Evolutionary_and_epidemiological_dynamics_of_multistrain_bacterial_pathogens

Population genomics demonstrates many important bacterial species are subdivided into genetically, and phenotypically, distinct strains. Evolution in response to interventions, such as vaccine-associated population dynamics and increases in antibiotic-resistant pathogens, is often primarily driven by strains changing in prevalence, or new strains emerging. Using data from Streptococcus pneumoniae, the recently-developed 'multilocus negative frequency-dependent selection' model promises to explain stable strain co-existence, quantifiably reproduce strain-level responses to perturbations, and forecast population dynamics. This project would develop such ecological modelling across larger datasets, initially focussed on four additional pathogens with divergent patterns of antibiotic resistance that represent current, or intended, vaccine targets. Model assumptions would be tested using genomics, epidemiological modelling and experimentation, and their structure refined accordingly. New open-source methods for fitting these models would be implemented, with the intention of integrating batches of surveillance data, allowing for near real-time analysis and trend prediction.
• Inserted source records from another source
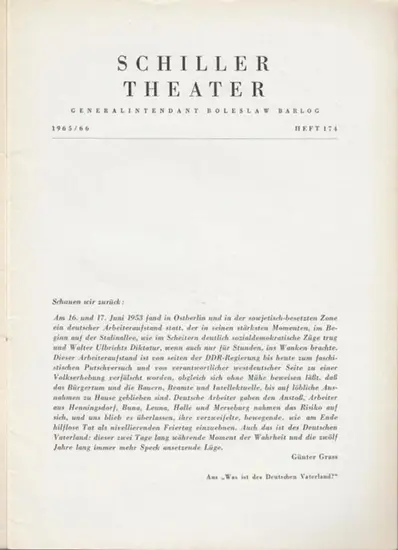 Berlin Schiller Theater. - Boleslaw Barlog (Intendanz). - Günter Grass: Die Plebejer proben den Aufstand. Programmheft der Spielzeit 1965 - 1966, Heft 174. URAUFFÜHRUNG von Günter Grass ! Inszenierung: Hansjörg Utzerath, mit u. a.: Rolf Henniger, Friedric
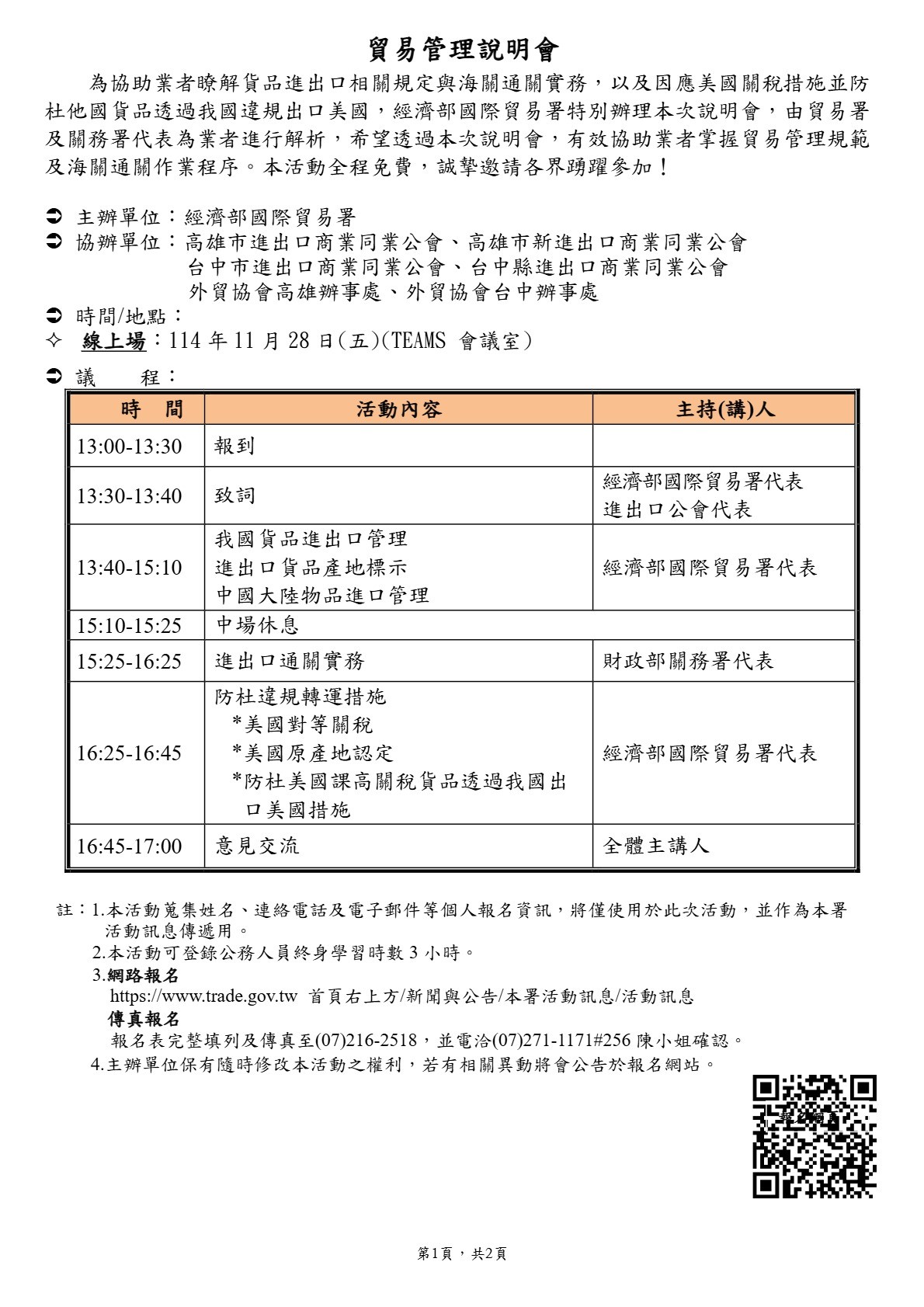 為協助業者瞭解貨品進出口相關規定與海關通關實務,以及因應美國關稅措施並防杜他國貨品透過我國違規出口美國,經濟部國際貿易署特別辦理本次說明會,由貿易署及關務署代表為業者進行解析,希望透過本次說明會,有效協助業者掌握貿易管理規範及海關通關作業程序。本活動全程免費,誠摯邀請各界踴躍參加!
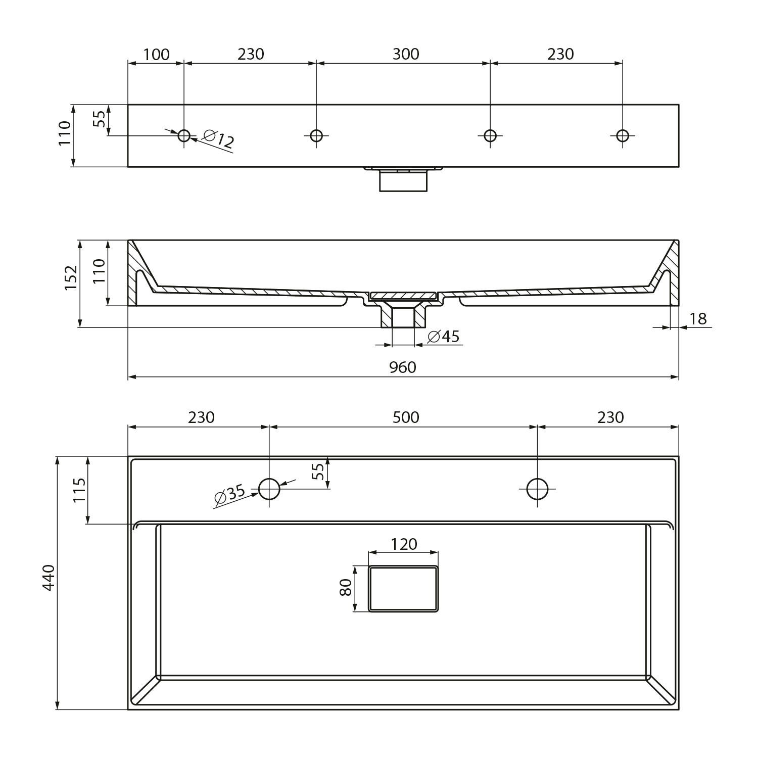 OR101 ORINOKO öntöttmárvány mosdó, 100x10x42cm
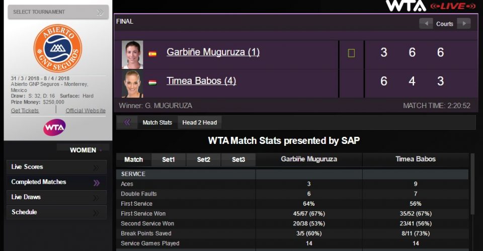 Накануне матча мало кто сомневался в том, что победа в финале будет за Гарбин Мугуруса. Однако с этим явно была не согласна Тимеа Бабош. Венгерская теннисистка вышла на матч с приличным настроем, явно было заметно, что тактически неплохо подготовилась Тимеа к игре. Не стеснялась практически на протяжении всего матча нагружать свою соперницу под бекхэнд, что давало свои плоды в виде ошибок у Гарбин. Серьезно помогала первая подача одной и второй теннисисткам. В целом, учитывая, что получился трехсетовый матч, явно для женского тенниса мало тех 5 брейков, которые мы увидели. Одна и вторая неплохо отработали на своей подаче, без серьезных провалов.
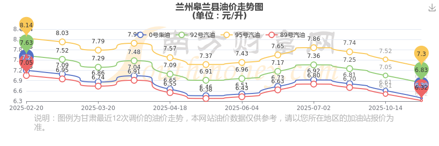 兰州皋兰县汽油、柴油10月31日每升的价格为(油价调整时间是10月28日):92号汽油6.83元;95号汽油7.3元;89号汽油6.32元;0号柴油6.39元。
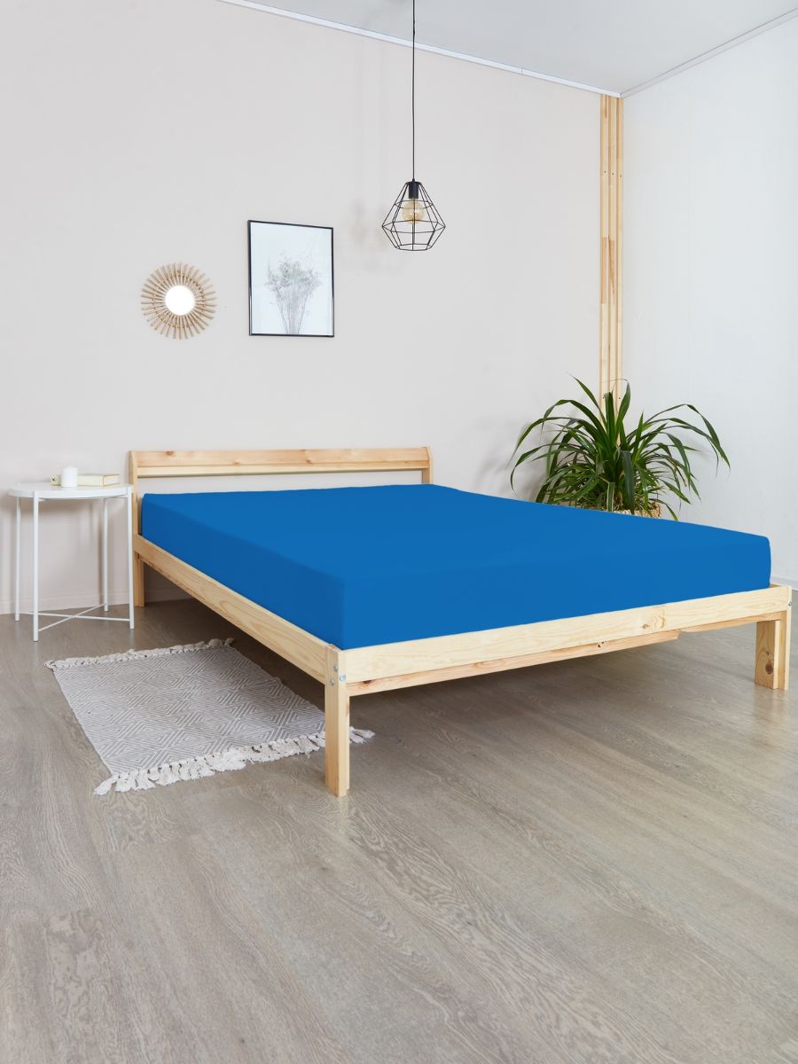 Простыня на резинке трикотаж "Всё себе", Синий
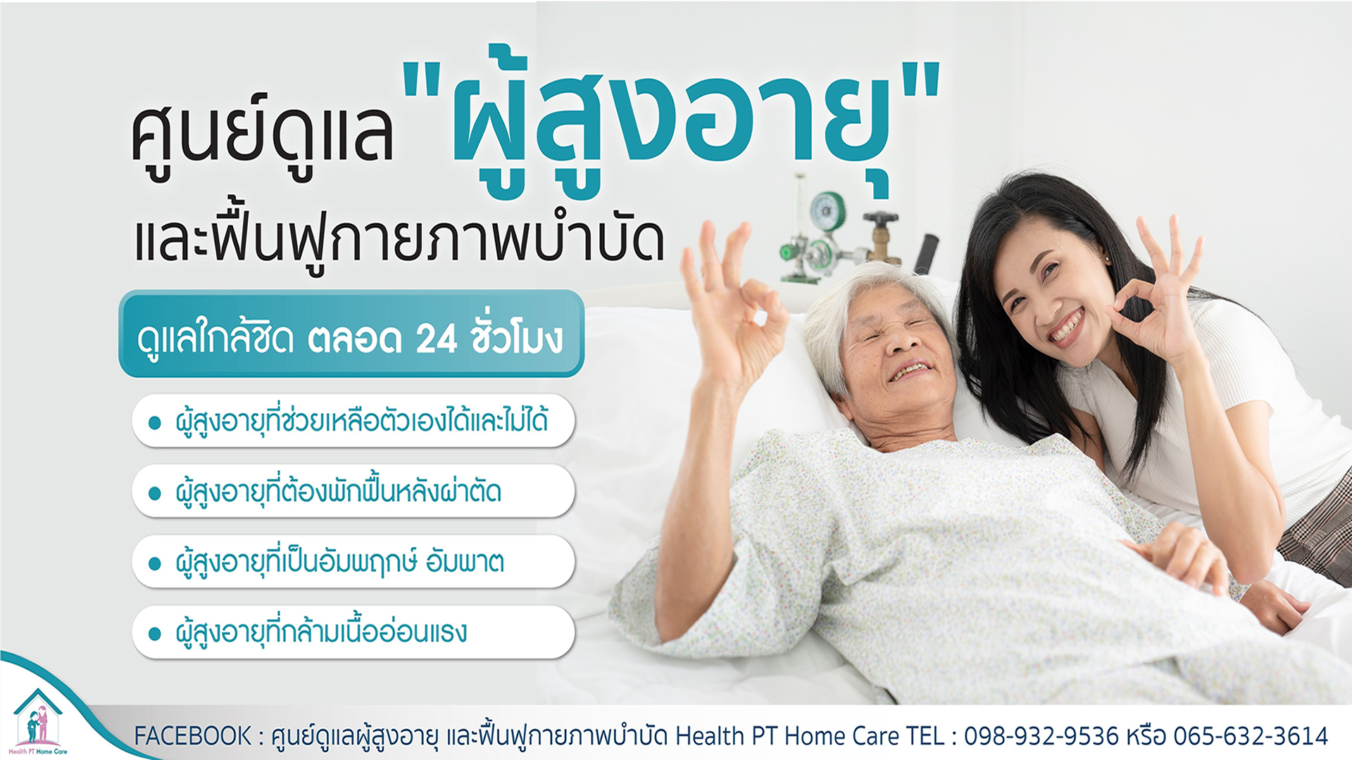 บริการครอบคลุมไปถึงการดูแลผู้สูงอายุ ผู้ที่ต้องการฟื้นฟู และกายภาพบำบัด

Strains' life cycles, from emergence to replacement, would also be modelled through integrating genomic data with experimentally-measured properties of recombination. This work would identify what evolutionary and ecological pressures affect bacterial epidemiology, establish the predictability of routine population dynamics and new strain emergence or invasion, and inform optimal intervention design for improving disease prevention.